岐阜県林産システム推進センター所長に学ぶ


 クリエーター科の林業再生講座2年生が学ぶ木材の販売戦略

 今回は岐阜県森林組合連合会 岐阜林産システム推進センターの樋口享二所長さんに、実際に
仕事をされた現場で、販売戦略のために、「山をどう見立て」、「どのように販売するか」を学びまし
た。

 下の写真で左端に立派なスギ立木がありますが、この周辺で最も良い立木は写真中央にある
スギ、真円性や樹皮の美しさ、様々なポイントを見ることを指導されました。
 重要なのは、林産収入をより高めるために 「木を診て、山を見る」 


 木の診方 : 樹種、林齢、樹高、胸高直径、生育状況、自然被害、価値
 山の見方 : 蓄積、搬出面積、搬出材積、金額

  伐採痕から何を読み取るか? この現場の立木は今伐採して金にすべきか?
                      それとも残して将来金にすべきか?・・・・・伐り時がある。
 

並材か役物か、市売りかシステム販売か、B材は合板か、C材はパルプか、バイオマスのD材は?

 ・ 直材が一番、しかし曲がっていても隅木や破風の特殊材ならその価値は別物
 ・ 目締まりが均等で細かい
 ・ 色合いが良く、赤色かピンク色
 ・ 辺材(白太)が薄いか
 ・ アテは、獣害は、目割れは、凍裂は、虫食いは・・・・  概ね80年以上の天然木は別格。


 多くの所有者さんが、「太い木が良い木、金になる木」と考える人が多い。
 
 所有者にとっては、どんな木も価値があるように思える。それをどう説明し、納得してもらって
作業をするのか。
 
 重要なのは収入金額をあげること。そのために何を努力するのか。作業のやり方を見直して
生産効率を上げるのか。販売先を仕分けして販売単価をアップさせるのか。作業者達の意識を
どのように変革させるのか?


 現場によって所有者のニーズは異なる。そのニーズをしっかり聞き。どのように回答するのか。

 収入は上げなければ意味がないが、山づくりにつながる作業でなければ、次ぎにつながらない。


 途中、本巣地区で選抜された「織部杉」を見学。 これは地元で選抜されて育成されたスギ。

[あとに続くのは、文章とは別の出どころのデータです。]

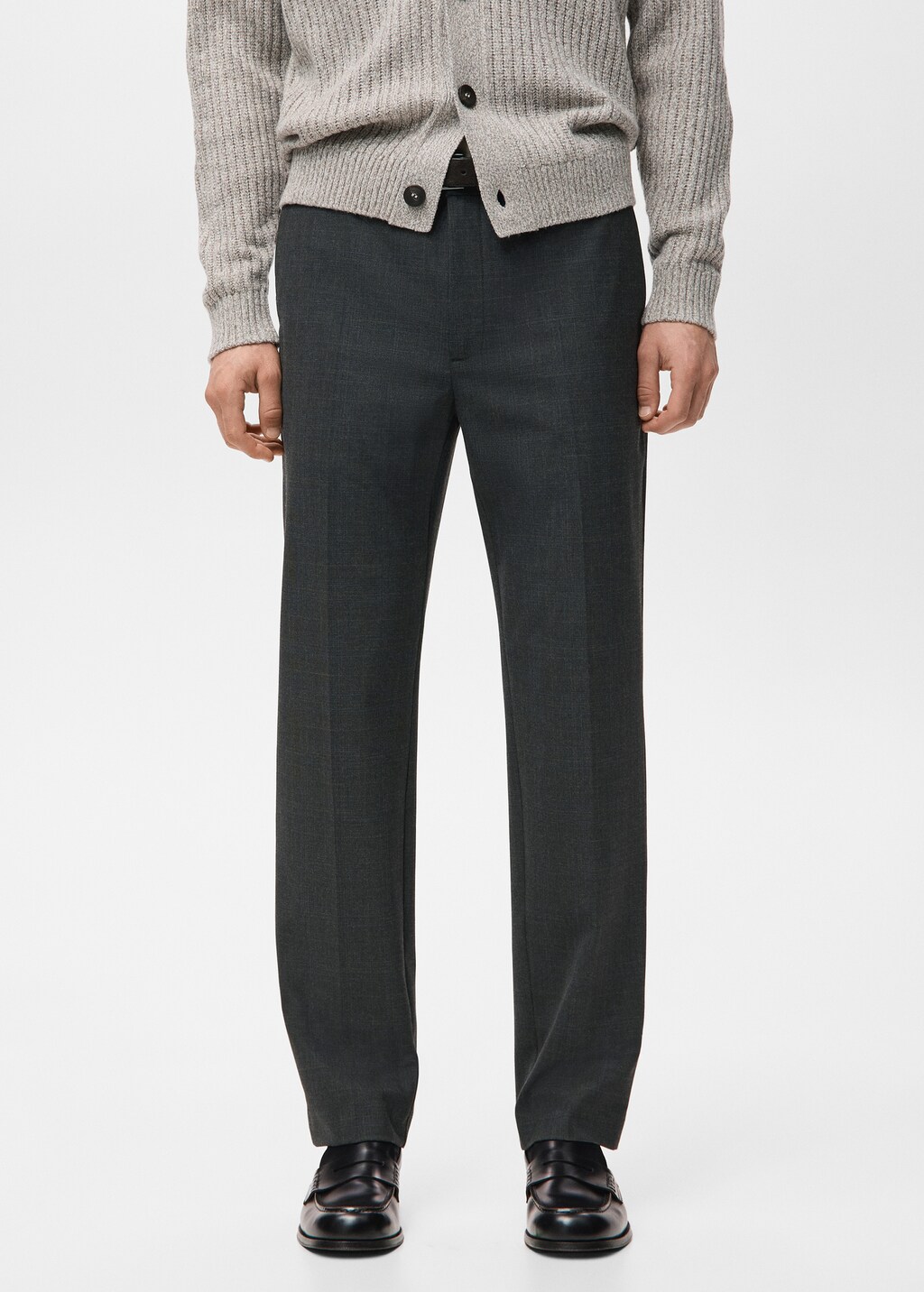 Coupe régulière. Tissu de coton et viscose mélangés. Pli marqué au fer devant et derrière. Deux poches latérales. Deux poches passepoilées avec bouton à l'arrière. Fermeture Éclair à l’avant. Passants pour ceinture.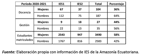 En el ámbito de la educación superior, la RAE cuenta con la presencia de dos instituciones públicas con sede matriz en este territorio, una en la provincia de Pastaza y otra en la provincia Napo; en la tabla 1 se presentan datos sobre la participación de la mujer en las funciones de docencia y gestión, así como la matriculación estudiantil en ambas instituciones.
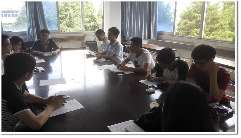 之后,各组长和组员对项目进行了各自发言。陈舜平作为组长提到了评分表设计、材料整理的细节问题,为以后优秀院系评比提供了借鉴。各组员踊跃发言,提出网络化平台、院系活动反馈表等很多创造性的建议,为以后活动的开展提供了一个新的方向。
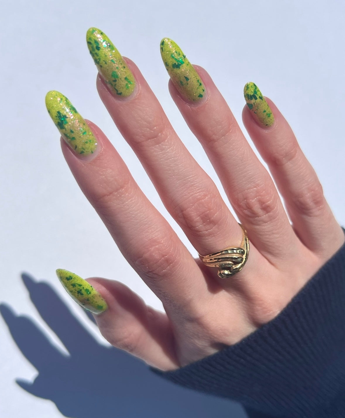 Note: Due to the number of flakes in this polish, some may want to use a glitter-smoothing topcoat along with a glossy topcoat. There is a chance there will be some unmixed pigment in your bottle; this will not affect the polish or your process of painting in any way.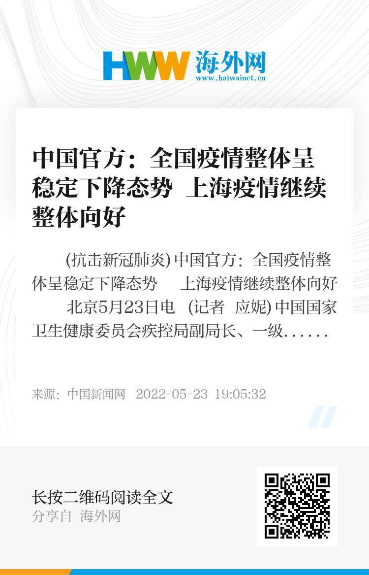 (抗击新冠肺炎)中国官方:全国疫情整体呈稳定下降态势 上海疫情继续整体向好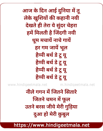 Lyrics of Aaj Ke Din Aayi Duniya - आज के दिन आई दुनिया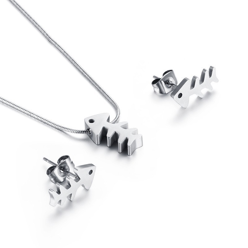Edelstahl Schmucksets, Stud Ohrring & Halskette, 304 Edelstahl, Fischgräte, Modeschmuck & für Frau, keine, verkauft von setzen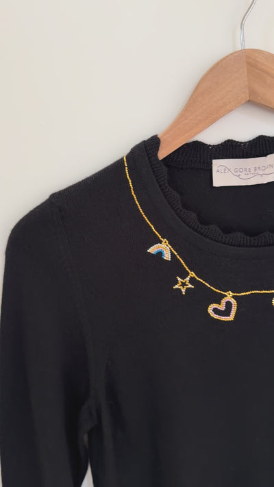 Echo your beloved childhood charm bracelet with our Charm Necklace Sweater. Hand embellished in our Cotswold studio with your favourite lucky Rhinestud charms and made from soft merino wool, this sweater will become an instant favourite.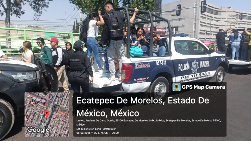 Elementos de Seguridad Ciudadana y Tránsito Municipal realizan el traslado de cientos de usuarios afectados por el bloqueo en ambos sentidos de las avenidas Central y R1, que provocó la suspensión del servicio del Mexibús Línea 1, debido a la protesta de padres de familia de la escuela primaria “Adolfo Ruiz Cortines”, en demanda de atención al deterioro de instalaciones del plantel por parte de autoridades estatales.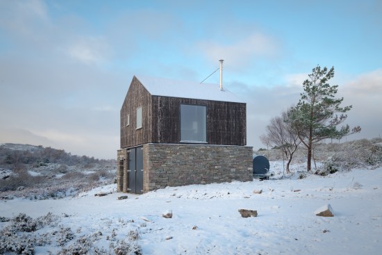 The very energy-efficient structure uses highly-insulated SIP panels, prefabricated to minimise transport of materials. The cladding is Scottish larch, charred by the contractor using a variation of the traditional Japanese shou sugi ban technique to achieve naturally varied rich colour and improved durability. The house will be completely off-grid, with its own water supply, sewage treatment and electrical system, all designed to minimise energy use.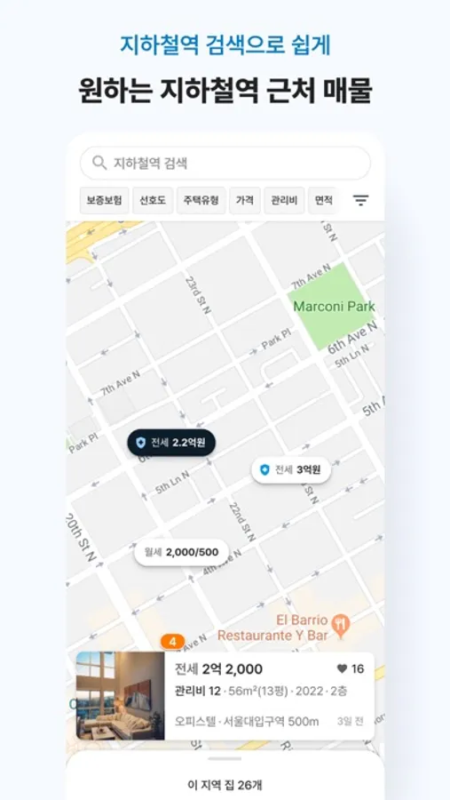 - 아파트, 빌라, 오피스텔, 원룸 등 모든 부동산 매물을 검색으로 찾아보세요.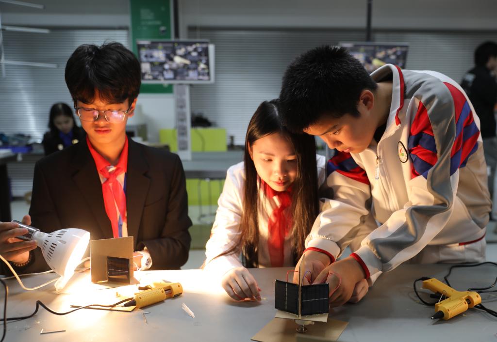 在该校的航天少年科学院,中越少先队员同上一堂科学课,完成“太阳能对日定向装置”模型组装,在协作中增进理解与友谊。越南少先队辅导员还参观了校史馆,了解学校红色历史,并在生态教室、种植园地与八一学校教师就少先队工作等进行交流。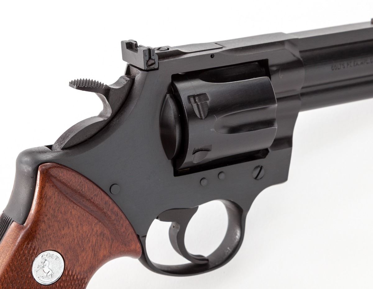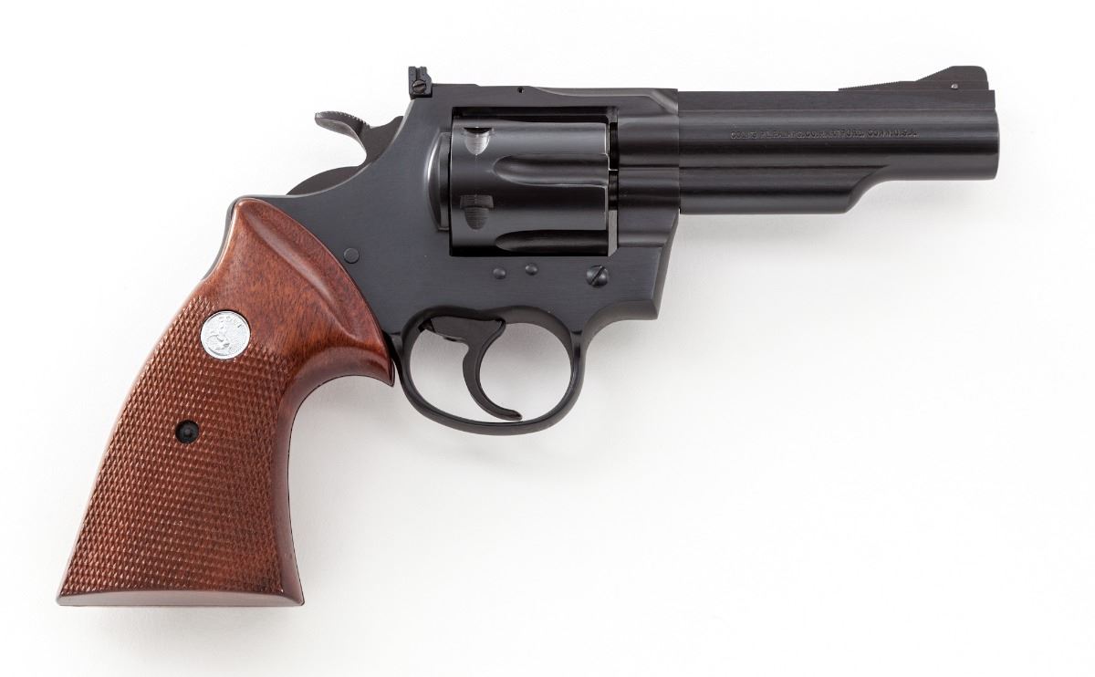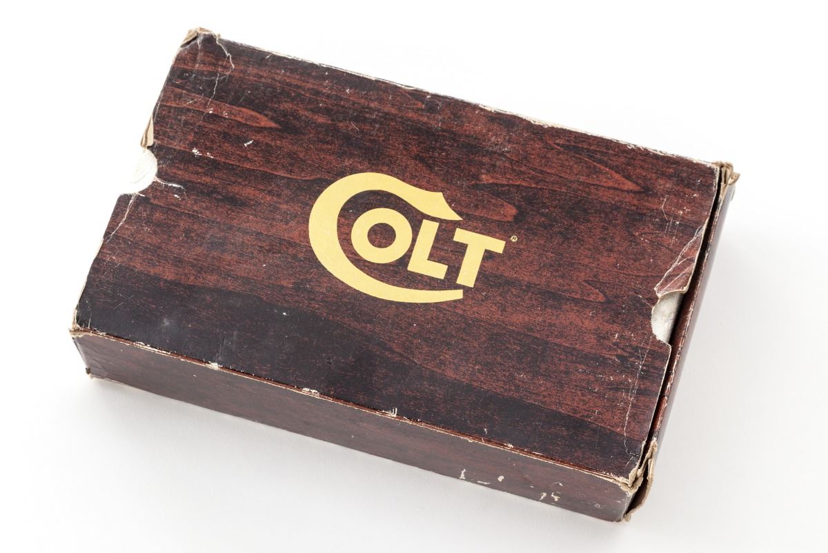 Colt Border Patrol Double Action Revolver, #J71321, .357 mag. cal., 4'' barrel, blue finish, factory checkered hardwood grips with bright Colt medallions. Mfg'd in limited numbers from 1970 to 1975. Condition is excellent, appearing as new, with small nick just below Rampant Colt logo on sideplate, possibly a factory error, as spot remains completely blued. In original box with some losses to Styrofoam; missing paperwork and one end flap to box. Est.: $1,000-$1,500. (Modern/PPT)

 近くに植えられている挿し木スギ林の立木と比較しても、樹皮の美しさや真円性が違う。
良いものは見た目の風格まで違う。 そうした価値ある立木はお金になるが、重要なのは一般的
な木材を如何に高く販売して、山にお金を返すこと。


  樋口所長さんは、自前の作業班で木材生産をしているだけではない。最近は森林組合の作業
班の作業指導にも力を注いでおられます。

 平成22年8月に初めてチェンソーを手にして、伐採収穫を始め、生産性は2.6m3/人日から、
翌年には3.1m3/人日、4.1m3/人日、5.2m3/人日、6.3m3/人日と年々増加。

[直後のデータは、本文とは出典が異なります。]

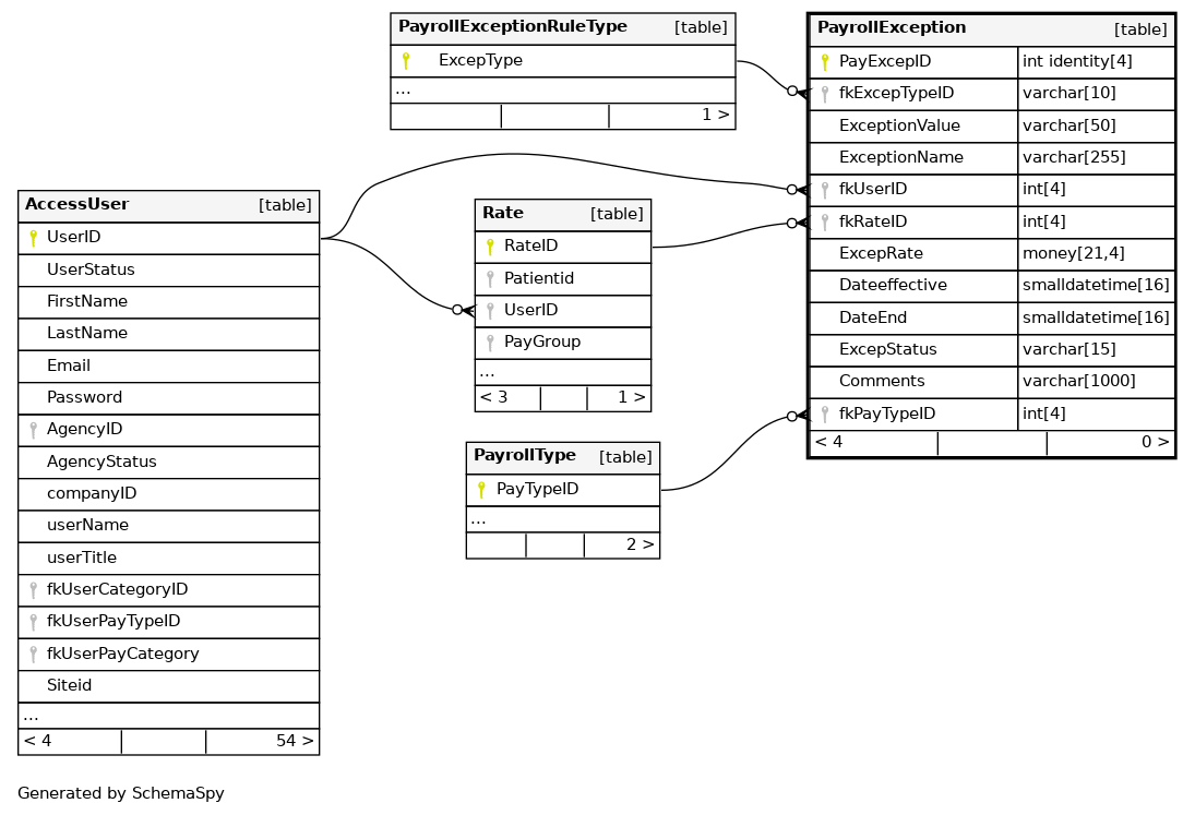 | PK__PayrollException__784B7224 | Primary key | Asc | PayExcepID |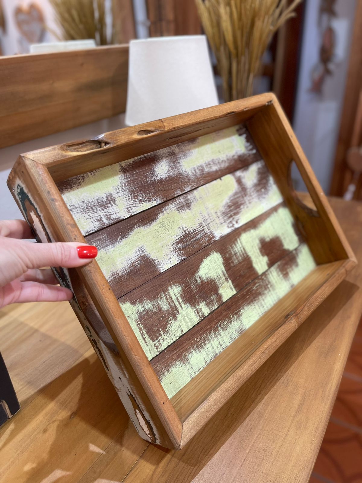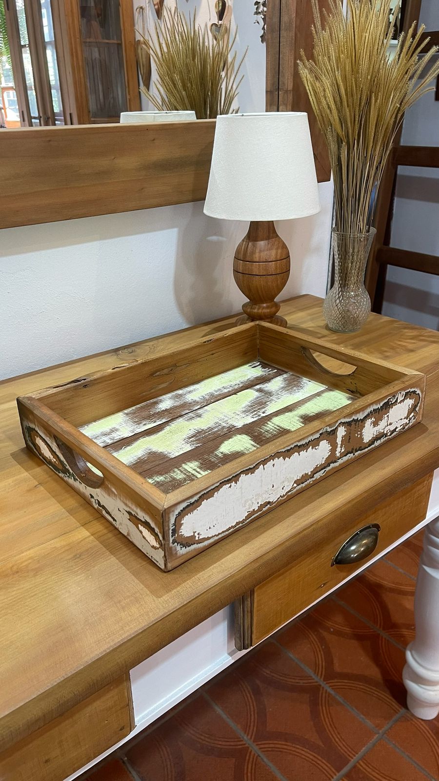 Essa bandeja em madeira de demolição carrega toda a essência do estilo farmhouse: rústica, charmosa e cheia de história. O acabamento desgastado com pintura branca revela as marcas naturais do tempo, reforçando a estética campestre com autenticidade.

 その実績は機械化によるものではなく、生産管理におけるボトルネックの追求と改善によって
います。

 今回は実際に作業をされた現場でのお話しでしたが、朝9:00から始まり、あれよあれよと16:00
を過ぎるほど、時間を立つのも忘れるような内容であったのです。

以上報告、JIRIこと川尻秀樹でした。